— How to complete this task —
Without including any images, output the listing below exactly.

— Data listing —
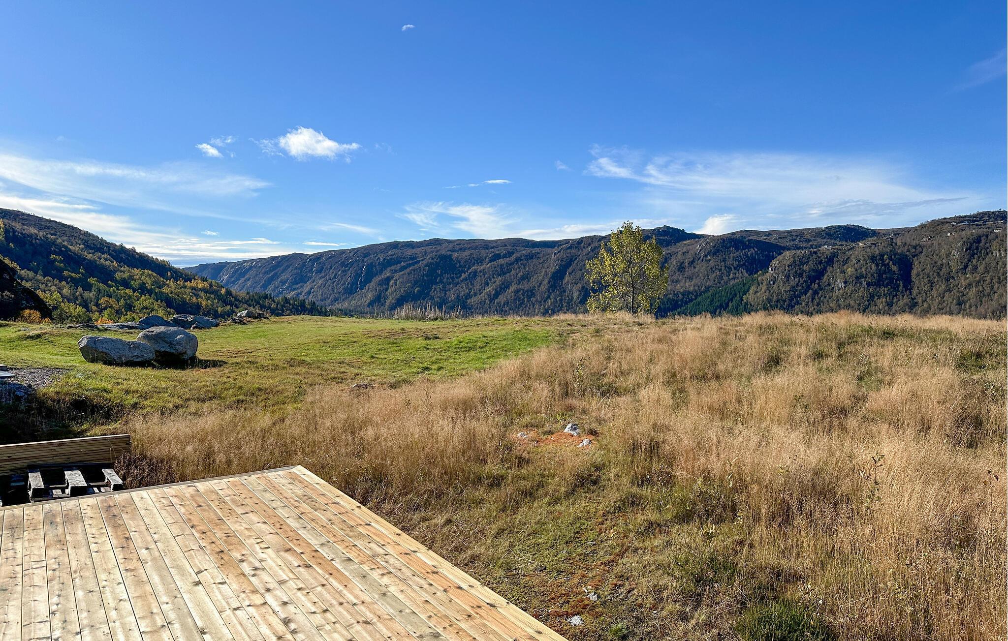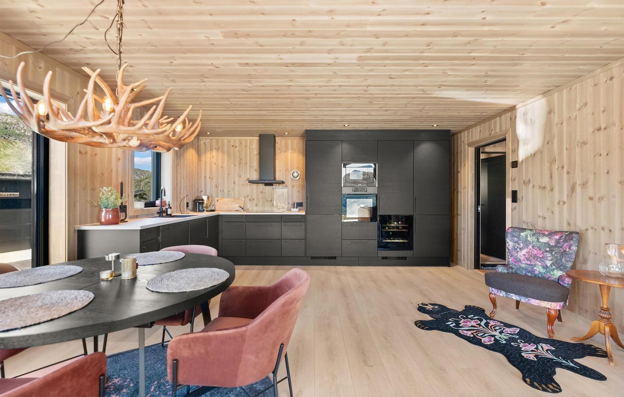 In diesem modernen Ferienhaus in Ljosland erwartet Sie ein erholsamer Urlaub mit herrlichem Blick auf die umliegenden Berge und den See. Die lichtdurchfluteten Räume bieten eine warme und einladende Atmosphäre, in der Sie sich sofort wohlfühlen. Die moderne Einrichtung kombiniert Komfort und Stil, sodass Sie inmitten der Natur entspannte Tage mit der ganzen Familie verbringen können.Das Haus liegt auf der Sonnenseite, sodass Sie vom gemütlichen Wohnzimmer oder der Terrasse aus die wunderschöne Aussicht genießen können.
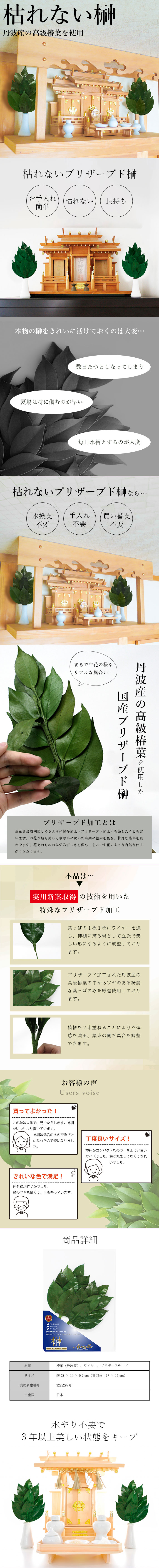 国産 枯れないプリザーブド榊 | ★丹波産の高級椿葉を使用した国産ブリザーブド榊!
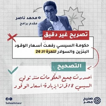 تداولت حسابات على مواقع التواصل ادعاءً منسوباً لمقدم البرامج المصري المعارض، محمد ناصر ، مفاده أن "الحكومة في عهد (الرئيس عبد الفتاح) السيسي رفعت أسعار الوقود 24 مرةً".
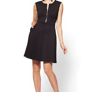 A fresh twist on a favorite look: a zip accent makes an edgy style statement on our most-loved (and always flattering) fit & flare dress.
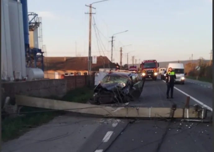 Accident rutier în Bonțida, județul Cluj: un tânăr a ajuns la spital după ce autoturismul său a lovit un stâlp de electricitate
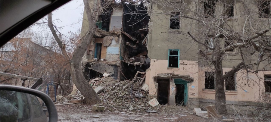 На фото видно, что во дворе есть рассыпающайся буквально на глазах многоквартирный дом, который никак не огорожен. Он - аварийный и в нем никто не живет, но само здание несет в себе угрозу. Часть дома разрушена, внутри многоэтажки зияет огромная дыра. У основания валяется груда кирпичей и балок, с козырька свисает кусок цементного пласта, который вот-вот отлетит. Добавим, что нередко подобные объекты привлекают внимание любопытных детей, а это грозит несчастными случаями.

— Result of the task —
 In diesem modernen Ferienhaus in Ljosland erwartet Sie ein erholsamer Urlaub mit herrlichem Blick auf die umliegenden Berge und den See. Die lichtdurchfluteten Räume bieten eine warme und einladende Atmosphäre, in der Sie sich sofort wohlfühlen. Die moderne Einrichtung kombiniert Komfort und Stil, sodass Sie inmitten der Natur entspannte Tage mit der ganzen Familie verbringen können.Das Haus liegt auf der Sonnenseite, sodass Sie vom gemütlichen Wohnzimmer oder der Terrasse aus die wunderschöne Aussicht genießen können.
 国産 枯れないプリザーブド榊 | ★丹波産の高級椿葉を使用した国産ブリザーブド榊!
 تداولت حسابات على مواقع التواصل ادعاءً منسوباً لمقدم البرامج المصري المعارض، محمد ناصر ، مفاده أن "الحكومة في عهد (الرئيس عبد الفتاح) السيسي رفعت أسعار الوقود 24 مرةً".
 A fresh twist on a favorite look: a zip accent makes an edgy style statement on our most-loved (and always flattering) fit & flare dress.
 Accident rutier în Bonțida, județul Cluj: un tânăr a ajuns la spital după ce autoturismul său a lovit un stâlp de electricitate
 На фото видно, что во дворе есть рассыпающайся буквально на глазах многоквартирный дом, который никак не огорожен. Он - аварийный и в нем никто не живет, но само здание несет в себе угрозу. Часть дома разрушена, внутри многоэтажки зияет огромная дыра. У основания валяется груда кирпичей и балок, с козырька свисает кусок цементного пласта, который вот-вот отлетит. Добавим, что нередко подобные объекты привлекают внимание любопытных детей, а это грозит несчастными случаями.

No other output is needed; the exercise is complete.